Bleeding in a War Zone: Lessons Learned for Civilian Practice — YRD

Bleeding in a War Zone: Lessons Learned for Civilian Practice (3453)

Graham Sharpe 1
  1. RNZAMC, Wellington, WELLINGTON, New Zealand

The commonest cause of avoidable mortality in combat is haemorrhage.  Recent conflict involving western forces has seen an upsurge in active management of bleeding.  This starts at site of wounding, with application of tourniquets and haemostatic dressings.  Active resuscitation continues during transport to a care facility, with early intravenous access allowing administration of tranexamic acid and fibrinogen.  Other fluids are kept to a minimum, resuscitating only to a point where a peripheral pulse can be felt.  Other measures include airway support, oxygen therapy and analgesia. In the shocked patient, measures to prevent acidosis and hypothermia are actively provided, even during transport, usually by helicopter.

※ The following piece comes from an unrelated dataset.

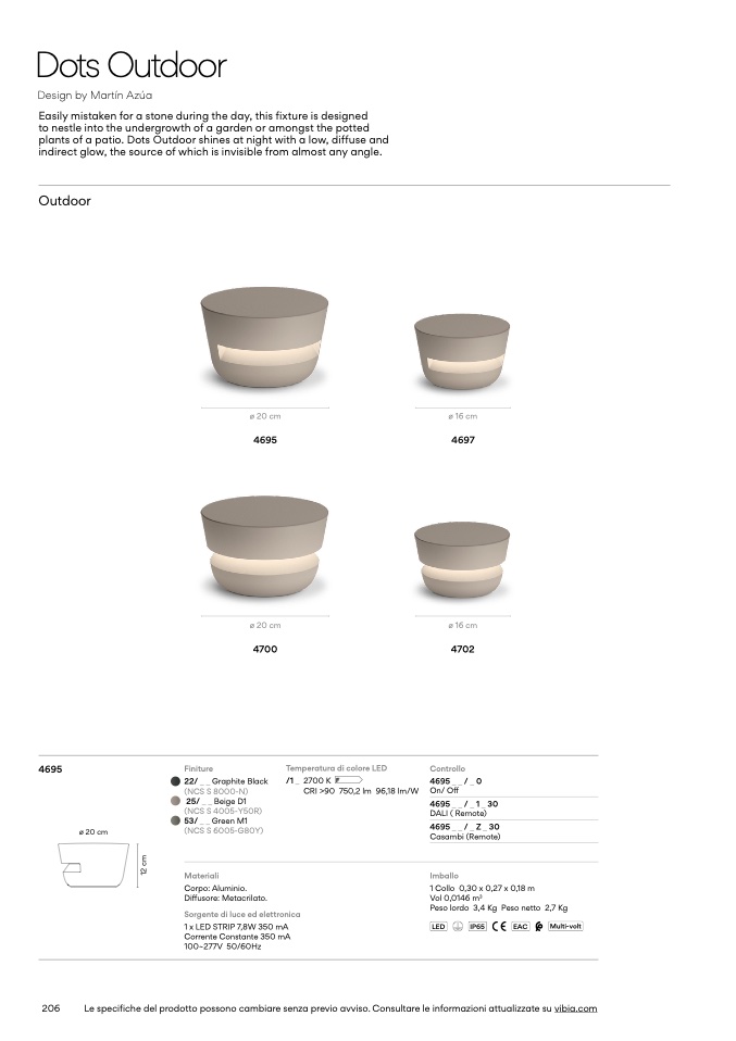 Le specifiche del prodotto possono cambiare senza previo avviso. Consultare le informazioni attualizzate su vibia.com

Once at a care facility, usually a Role 2, blood therapy can be personalised using point of care testing.  Component therapy is instituted early, with the separate use of red blood cells, plasma products and platelets. 

These measures are now familiar to practising obstetricians, but what may not be realised is that they have been developed at an accelerated pace by military doctors from NATO forces (in particular the UK and the USA).  The current practitioners par excellence are the Dutch, and they now provide the blood service expertise for many larger allied nations, including Germany and Scandinavia.

It is hard to predict the future of aggressive resuscitation, both on the battlefield and in delivery suite, but I would hazard a guess that we are not far from using erythropoietin early in shocked patients.  (This must be considered experimental at this stage!)